| Required action |
Please write out all the data that follows exactly, without the pictures.

::: Recorded information :::

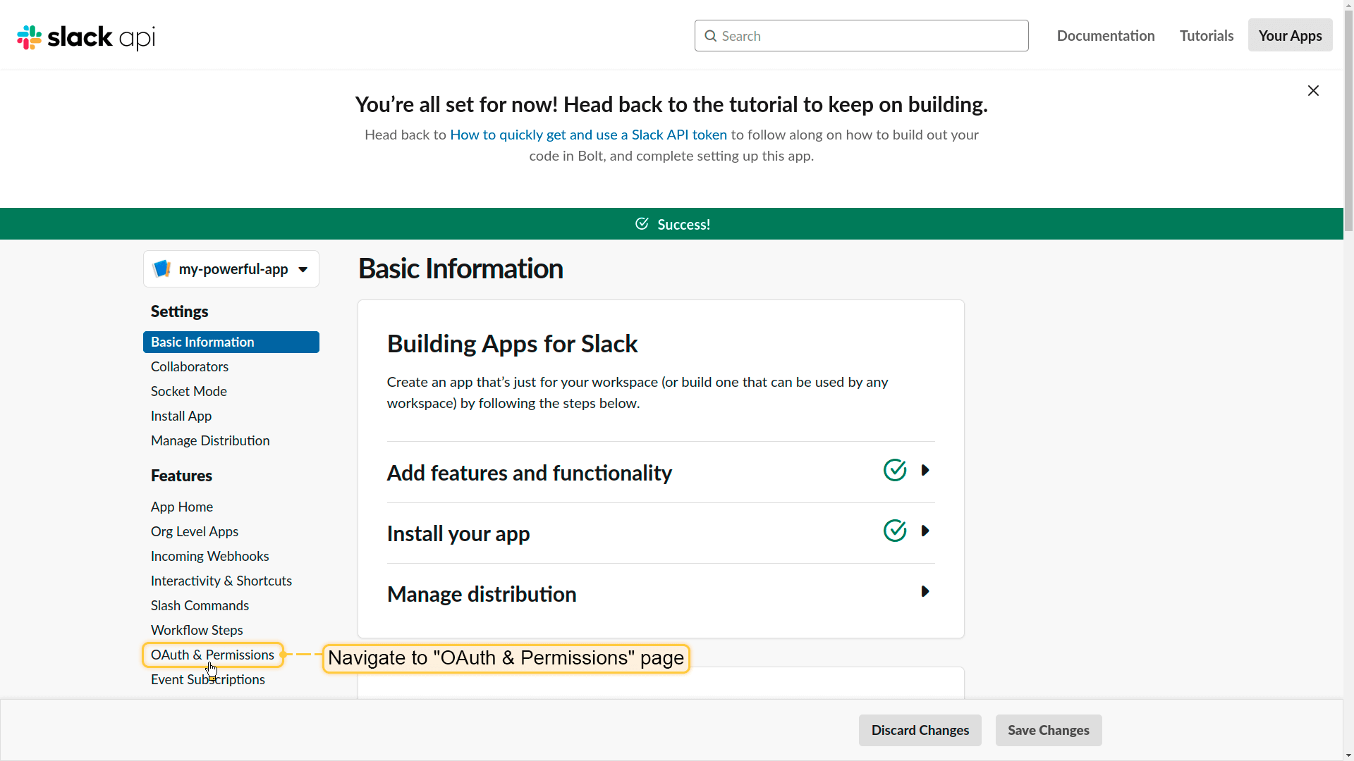 - Success! Your app is created. Now, navigate to "OAuth & Permissions" page;
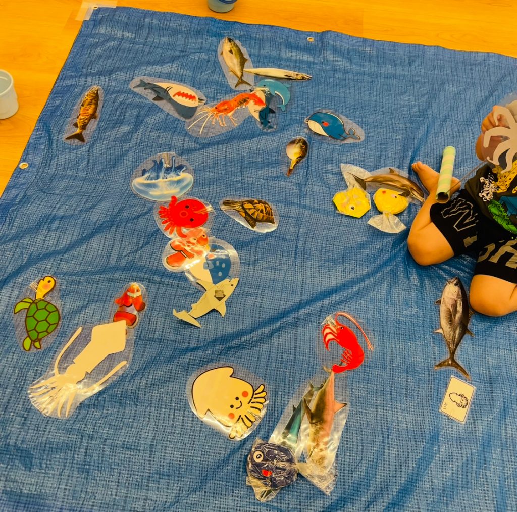 →魚の名前を言ったり、色・大きさなどを話したりして語彙を増やします
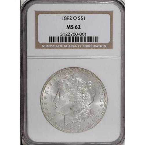 <B>1892-O $1 MS62 NGC.</B></I> . NGC Census: (504/2426). PCGS Population (854/3534). Mintage: 2,744,000. Numismedia Wsl. Price for NGC/PCGS coin in MS62: $200. (#7216)<BR><BR><B>Coin Engraver:</B> George T. Morgan<BR><BR><b>Shipping:</b> Coins & Currency (<a target="_blank" href="http://www.heritageauctions.com/common/shipping.php">view shipping information</a>)
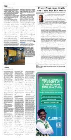 INDIANAPOLIS RECORDER FRIDAY, OCTOBER 3, 2025 A7TYLENOL%u00a8Continued from A1Find more tips at CitizensEnergyGroup.comI LOVE A SCHEDULE, SO I WATER MY LAWN NO MORE THAN 2X A WEEK.Client/Filename: Citizens Energy Group 13971-08 W2SM Game Show_5.075x10.5_FINALWater no more than twice a weekWater for 30 minutes or lessWater before 7AM It%u2019s easy to be WaterWise this summer. Conserve and save water at home when you:Find more tips at CitizensEnergyGroup.comProtect Your Lung Health with These Tips This MonthThis Healthy Lung Month, take steps to increase your ability to keep moving and to feel your best: 1. Quit smoking. One of the American College of Lifestyle Medicine%u2019s six pillars for good health is avoiding risky substances. Among those risky substances, of course, is tobacco. It is challenging to quit, but you can fi nd many supports to help you with this important goal. Quit Now Indiana is a free service (1-800-784-8669 or 1-800-Quit-Now). According to %u201cYour Lungs and Exercise,%u201d a 2016 factsheet in the series Breathe produced by the European Respiratory Society, you may have an increased ability to exercise just two weeks after quitting.2. While health is the most important reason for quitting smoking, there is also a fi nancial benefi t. As of July, the tax on cigarettes in Indiana has increased dramatically: three times what it was before. Other tobacco products have jumped in price as well.3. Exercise. If you are not exercising now, start gradually, building up to 150 minutes per week of moderate-intensity physical activity (21 to 22 minutes daily). While it might seem hard to fi t in, consider that this time is just a small fraction of the 1,440 minutes in a day. 4. Consider checking the U.S. Air Quality Index (AQI) before planning outdoor activities, including exercise. We are lucky enough to be out of the range of the forest fi res that injure the quality of the air for weeks on end, but we still have days in Indianapolis when the air outside is unsafe. Go to airnow.gov, plug in your zip code, and see if the air quality has reached %u201cunhealthy%u201d levels (151-200) before going out. If you are in a sensitive group, the level will be lower for you (101-150). 5. Dust your home. It may not be a favorite activity, but regular dusting can improve indoor air quality, so much so that the American Lung Association even includes instructions on good dusting techniques on their website at lung.org. 6. Practice diaphragmatic (or belly) breathing exercises. According to the Cleveland Clinic, you will especially benefi t if you have chronic obstructive pulmonary disease (COPD) or asthma or if you frequently cope with stress or anxiety. You can fi nd quick instructions on this method at health.harvard.edu/healthbeat/learning-diaphragmatic-breathing. 7. Get lung cancer screenings (low-dose CT scans) if you fi t all three of the criteria set by the U.S. Preventive Services Task Force: (1) between the ages of 50 and 80 (2) a current smoker or have been within the past decade and a half and (3) have a 20 pack-year history or more, which means, for example, smoking (on average) a pack a day for two decades or two packs daily for one.Taking care of your lungs will make it far more likely that you can keep doing the activities you love long-term. Consider taking at least one of these steps today.Broderick Rhyant, M.D., chief physician executive with Eskenazi Health Center Grandeprominent African American Hoosiers %u2014 including Indianapolis Recorder%u2019s founding publisher, George P. Stewart %u2014 with a virtual reality component that allows guests to learn more about the real stories behind the photos.Along the path to the final two cabins is the Time Looper augmented reality experience featuring actors from the Asante Art Institute.%u201cWe have a blacksmith, a civil war nurse, a teacher, and so there%u2019s four questions that you can ask them,%u201d Cosbey said. %u201cThat%u2019s a way that we can have that first-person, costumed element represented here, while also being able to control the situation a little more, again, protecting people and making sure we%u2019re telling accurate history at the same time.%u201dThe Reclamations cabin is modeled after a modern-day museum exhibit to display more artwork and objects they couldn%u2019t within the other two cabins, Cosbey said. Here we%u2019re in the 21st century.%u00a0%u201cThere%u2019s a lot of nasty stuff that we still have to discuss in terms of history, but we%u2019re trying to bring a little bit more into the conversation, and you%u2019ll see that as you walk through of just a celebration of resilience, a celebration of wins, where we could find them.%u201dThere are a lot of colorful elements in this room, including artwork by artistin-residence Israel Solomon, an interactive map of sundown towns featuring research from James Loewen, a Green Book, a hymnal and a choir robe from a church in Gary, and a family tree of music.The last stop is the Reflections Cabin. Filled with natural ambient noise, the cabin is a simple, chapel-inspired space; it features a few benches for guests to rest. In the corner is a table with a stack of papers, pencils and a single question, %u201cNow that you know the whole story, what will you do?%u201d%u00a0Responses are then hung on the wall. I read a few of them. People from all over the U.S. have already come and experienced %u201cPromised Land as Proving Ground.%u201d The general consensus is this exhibition is exactly what we need right now.%u201cI want people to come away ultimately, with a sense of hope and with what might be a call to action %u2026 of some way that they%u2019re going to change their thoughts, change their feelings, change their behavior as a result of experiencing this,%u201d Cosbey said.%u00a0%u201cPromised Land as Proving Ground%u201d is open at Conner Prairie, 134000 Allisonville Road, Fishers, during regular operating hours. For more information about the exhib

:::

| Response |
 - Success! Your app is created. Now, navigate to "OAuth & Permissions" page;
 →魚の名前を言ったり、色・大きさなどを話したりして語彙を増やします
 <B>1892-O $1 MS62 NGC.</B></I> . NGC Census: (504/2426). PCGS Population (854/3534). Mintage: 2,744,000. Numismedia Wsl. Price for NGC/PCGS coin in MS62: $200. (#7216)<BR><BR><B>Coin Engraver:</B> George T. Morgan<BR><BR><b>Shipping:</b> Coins & Currency (<a target="_blank" href="http://www.heritageauctions.com/common/shipping.php">view shipping information</a>)
 INDIANAPOLIS RECORDER FRIDAY, OCTOBER 3, 2025 A7TYLENOL%u00a8Continued from A1Find more tips at CitizensEnergyGroup.comI LOVE A SCHEDULE, SO I WATER MY LAWN NO MORE THAN 2X A WEEK.Client/Filename: Citizens Energy Group 13971-08 W2SM Game Show_5.075x10.5_FINALWater no more than twice a weekWater for 30 minutes or lessWater before 7AM It%u2019s easy to be WaterWise this summer. Conserve and save water at home when you:Find more tips at CitizensEnergyGroup.comProtect Your Lung Health with These Tips This MonthThis Healthy Lung Month, take steps to increase your ability to keep moving and to feel your best: 1. Quit smoking. One of the American College of Lifestyle Medicine%u2019s six pillars for good health is avoiding risky substances. Among those risky substances, of course, is tobacco. It is challenging to quit, but you can fi nd many supports to help you with this important goal. Quit Now Indiana is a free service (1-800-784-8669 or 1-800-Quit-Now). According to %u201cYour Lungs and Exercise,%u201d a 2016 factsheet in the series Breathe produced by the European Respiratory Society, you may have an increased ability to exercise just two weeks after quitting.2. While health is the most important reason for quitting smoking, there is also a fi nancial benefi t. As of July, the tax on cigarettes in Indiana has increased dramatically: three times what it was before. Other tobacco products have jumped in price as well.3. Exercise. If you are not exercising now, start gradually, building up to 150 minutes per week of moderate-intensity physical activity (21 to 22 minutes daily). While it might seem hard to fi t in, consider that this time is just a small fraction of the 1,440 minutes in a day. 4. Consider checking the U.S. Air Quality Index (AQI) before planning outdoor activities, including exercise. We are lucky enough to be out of the range of the forest fi res that injure the quality of the air for weeks on end, but we still have days in Indianapolis when the air outside is unsafe. Go to airnow.gov, plug in your zip code, and see if the air quality has reached %u201cunhealthy%u201d levels (151-200) before going out. If you are in a sensitive group, the level will be lower for you (101-150). 5. Dust your home. It may not be a favorite activity, but regular dusting can improve indoor air quality, so much so that the American Lung Association even includes instructions on good dusting techniques on their website at lung.org. 6. Practice diaphragmatic (or belly) breathing exercises. According to the Cleveland Clinic, you will especially benefi t if you have chronic obstructive pulmonary disease (COPD) or asthma or if you frequently cope with stress or anxiety. You can fi nd quick instructions on this method at health.harvard.edu/healthbeat/learning-diaphragmatic-breathing. 7. Get lung cancer screenings (low-dose CT scans) if you fi t all three of the criteria set by the U.S. Preventive Services Task Force: (1) between the ages of 50 and 80 (2) a current smoker or have been within the past decade and a half and (3) have a 20 pack-year history or more, which means, for example, smoking (on average) a pack a day for two decades or two packs daily for one.Taking care of your lungs will make it far more likely that you can keep doing the activities you love long-term. Consider taking at least one of these steps today.Broderick Rhyant, M.D., chief physician executive with Eskenazi Health Center Grandeprominent African American Hoosiers %u2014 including Indianapolis Recorder%u2019s founding publisher, George P. Stewart %u2014 with a virtual reality component that allows guests to learn more about the real stories behind the photos.Along the path to the final two cabins is the Time Looper augmented reality experience featuring actors from the Asante Art Institute.%u201cWe have a blacksmith, a civil war nurse, a teacher, and so there%u2019s four questions that you can ask them,%u201d Cosbey said. %u201cThat%u2019s a way that we can have that first-person, costumed element represented here, while also being able to control the situation a little more, again, protecting people and making sure we%u2019re telling accurate history at the same time.%u201dThe Reclamations cabin is modeled after a modern-day museum exhibit to display more artwork and objects they couldn%u2019t within the other two cabins, Cosbey said. Here we%u2019re in the 21st century.%u00a0%u201cThere%u2019s a lot of nasty stuff that we still have to discuss in terms of history, but we%u2019re trying to bring a little bit more into the conversation, and you%u2019ll see that as you walk through of just a celebration of resilience, a celebration of wins, where we could find them.%u201dThere are a lot of colorful elements in this room, including artwork by artistin-residence Israel Solomon, an interactive map of sundown towns featuring research from James Loewen, a Green Book, a hymnal and a choir robe from a church in Gary, and a family tree of music.The last stop is the Reflections Cabin. Filled with natural ambient noise, the cabin is a simple, chapel-inspired space; it features a few benches for guests to rest. In the corner is a table with a stack of papers, pencils and a single question, %u201cNow that you know the whole story, what will you do?%u201d%u00a0Responses are then hung on the wall. I read a few of them. People from all over the U.S. have already come and experienced %u201cPromised Land as Proving Ground.%u201d The general consensus is this exhibition is exactly what we need right now.%u201cI want people to come away ultimately, with a sense of hope and with what might be a call to action %u2026 of some way that they%u2019re going to change their thoughts, change their feelings, change their behavior as a result of experiencing this,%u201d Cosbey said.%u00a0%u201cPromised Land as Proving Ground%u201d is open at Conner Prairie, 134000 Allisonville Road, Fishers, during regular operating hours. For more information about the exhib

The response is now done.